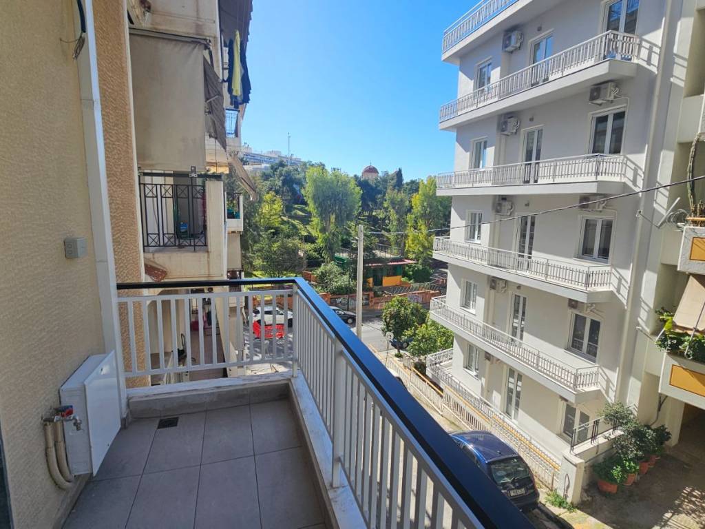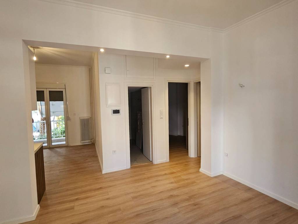 Fully Renovated, Through-Apartment, Very Bright – Axariou 4. A through, airy and very bright apartment on an elevated 1st floor with the feel of a 2nd floor, featuring spacious front and rear balconies large enough for a dining table and an open view to the park. The property has undergone a full and modern renovation, including new plumbing and electrical installations, new aluminum window frames with double-glazed energy-efficient windows, a new kitchen with built-in oven and cooktop and provision for a built-in dishwasher, TV outlet, awnings, fiber-optic internet socket inside the apartment, and pre-installation for autonomous heating with natural gas (piping installed; radiators and boiler not installed). An ideal choice for owner-occupation or investment in a quiet, green area.
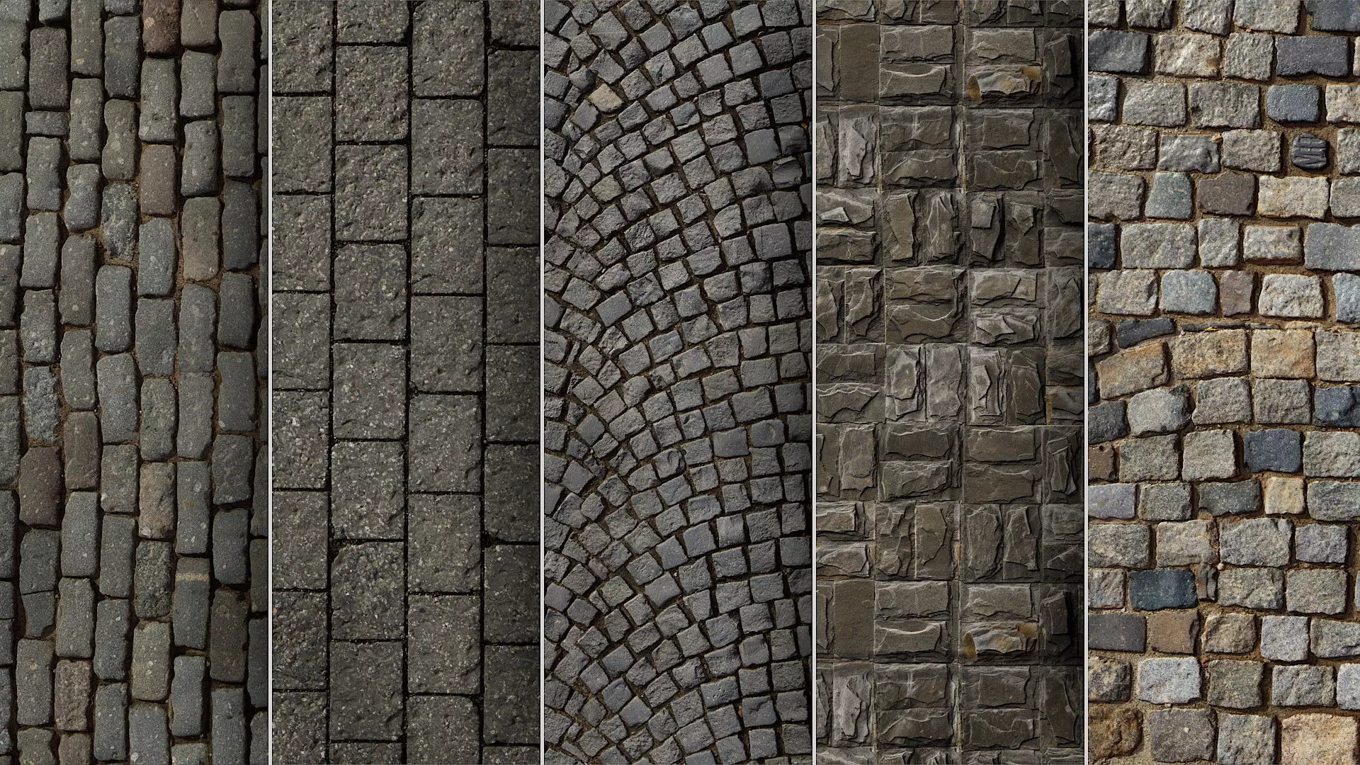 Materials have a displacement map based on real world data (photogrammetry method), which gives the surfaces a realistic volume and texture. Paving slabs of various shapes, colors and sizes.
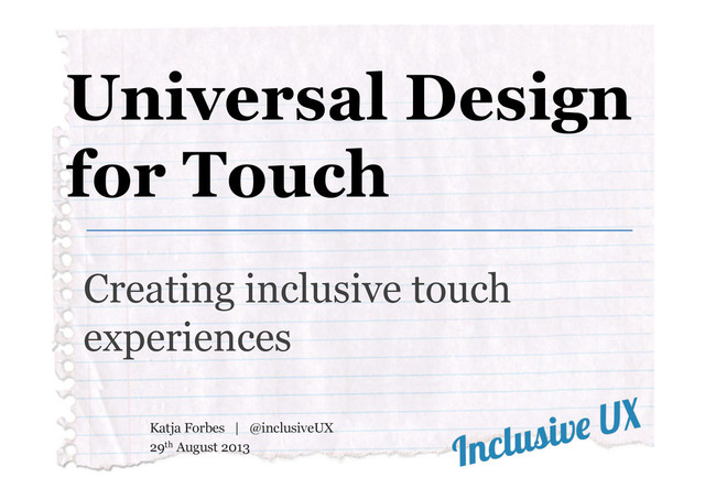 from Katja Forbes, at UX Australia 2013. The touch device landscape is diverse, fast paced and changing every week, providing new challenges to designers with each new incarnation of device or operating system. But there's more to challenge designers… thinking about inclusion of people who may have visual, cognitive, hearing, motor or speech impairments…or some of all of them due to age. So what do we mean when we say "designing for all" in the world of touch devices, what makes it so darn hard to do and how can we create user experiences that are inclusive for this hugely diverse group of people?
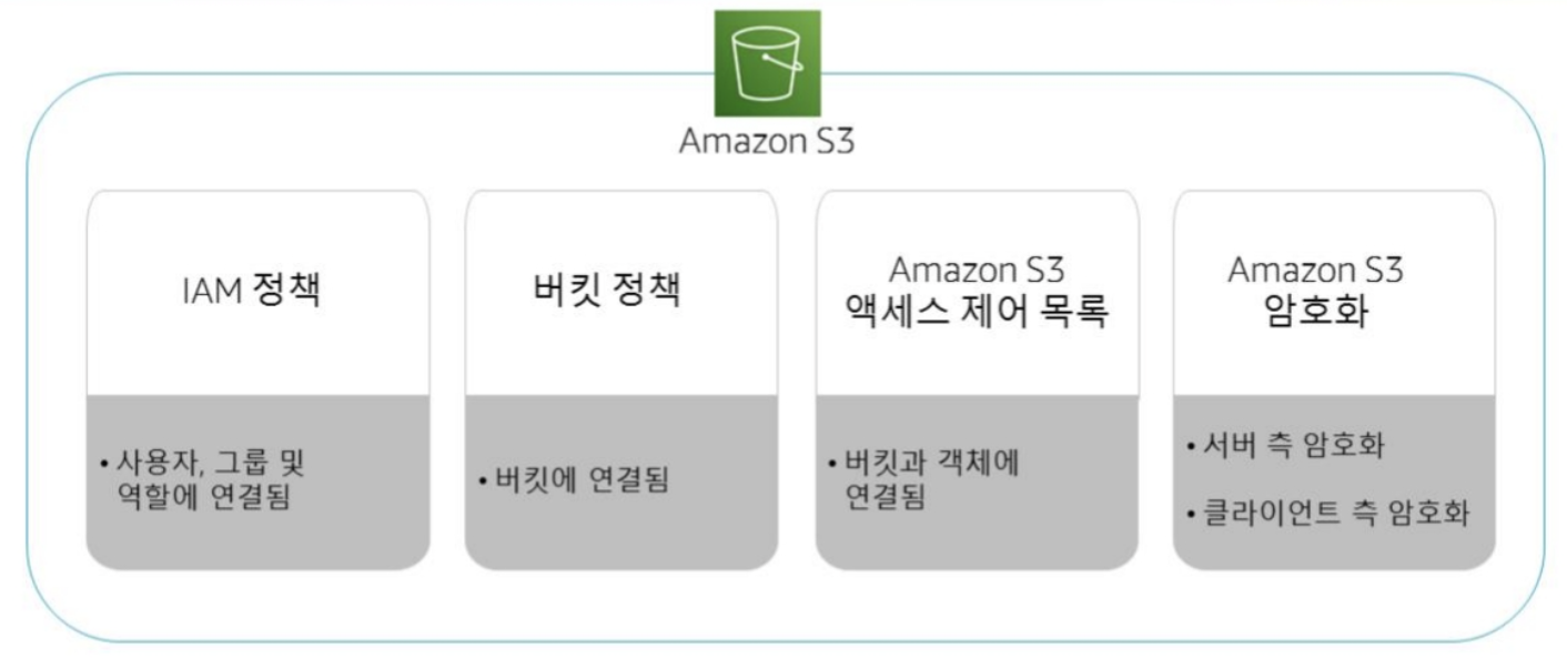 IAM 정책, 버킷 정책, ACL, 암호화 기능을 지원
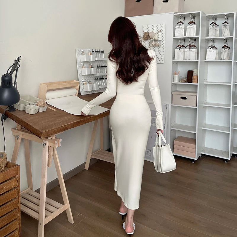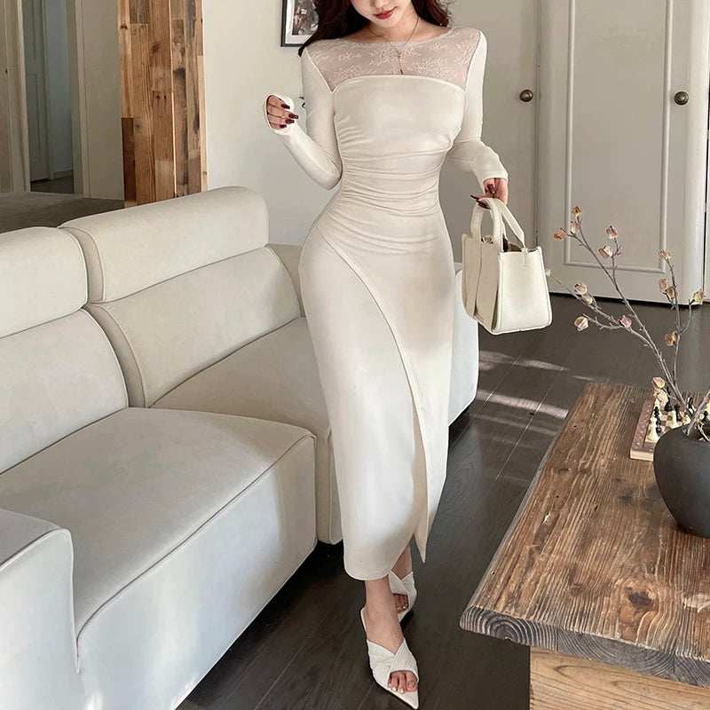 Getadme-여성 캐주얼 드레스 2024 새로운 우아한 기질 스플라이싱 레이스 스퀘어 넥 수축 플리츠 허리 브러시드 긴팔 드레스
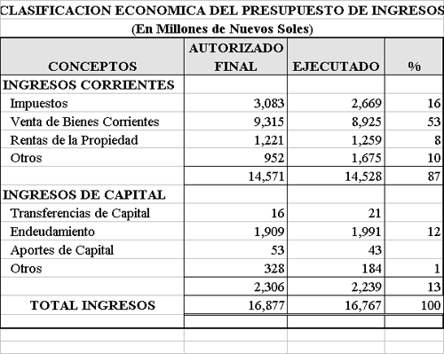 Los ingresos corrientes representan el 87% del total, y los rubros de mayor importancia están referidos a la venta de bienes corrientes (53%), impuestos (16%).
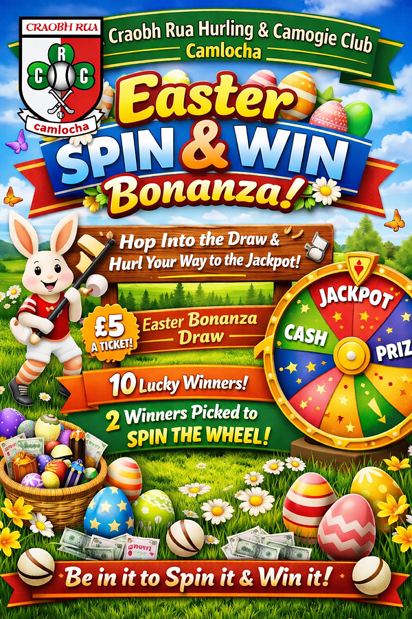 Hop into Easter fun with Craobh Rua Hurling & Camogie Club Camlocha and be in with a chance to SPIN & WIN BIG!

****

Task to complete — Output the full listing verbatim; pictures stay out.

Response for this exercise —
 Fully Renovated, Through-Apartment, Very Bright – Axariou 4. A through, airy and very bright apartment on an elevated 1st floor with the feel of a 2nd floor, featuring spacious front and rear balconies large enough for a dining table and an open view to the park. The property has undergone a full and modern renovation, including new plumbing and electrical installations, new aluminum window frames with double-glazed energy-efficient windows, a new kitchen with built-in oven and cooktop and provision for a built-in dishwasher, TV outlet, awnings, fiber-optic internet socket inside the apartment, and pre-installation for autonomous heating with natural gas (piping installed; radiators and boiler not installed). An ideal choice for owner-occupation or investment in a quiet, green area.
 Materials have a displacement map based on real world data (photogrammetry method), which gives the surfaces a realistic volume and texture. Paving slabs of various shapes, colors and sizes.
 from Katja Forbes, at UX Australia 2013. The touch device landscape is diverse, fast paced and changing every week, providing new challenges to designers with each new incarnation of device or operating system. But there's more to challenge designers… thinking about inclusion of people who may have visual, cognitive, hearing, motor or speech impairments…or some of all of them due to age. So what do we mean when we say "designing for all" in the world of touch devices, what makes it so darn hard to do and how can we create user experiences that are inclusive for this hugely diverse group of people?
 IAM 정책, 버킷 정책, ACL, 암호화 기능을 지원
 Getadme-여성 캐주얼 드레스 2024 새로운 우아한 기질 스플라이싱 레이스 스퀘어 넥 수축 플리츠 허리 브러시드 긴팔 드레스
 Los ingresos corrientes representan el 87% del total, y los rubros de mayor importancia están referidos a la venta de bienes corrientes (53%), impuestos (16%).
 Hop into Easter fun with Craobh Rua Hurling & Camogie Club Camlocha and be in with a chance to SPIN & WIN BIG!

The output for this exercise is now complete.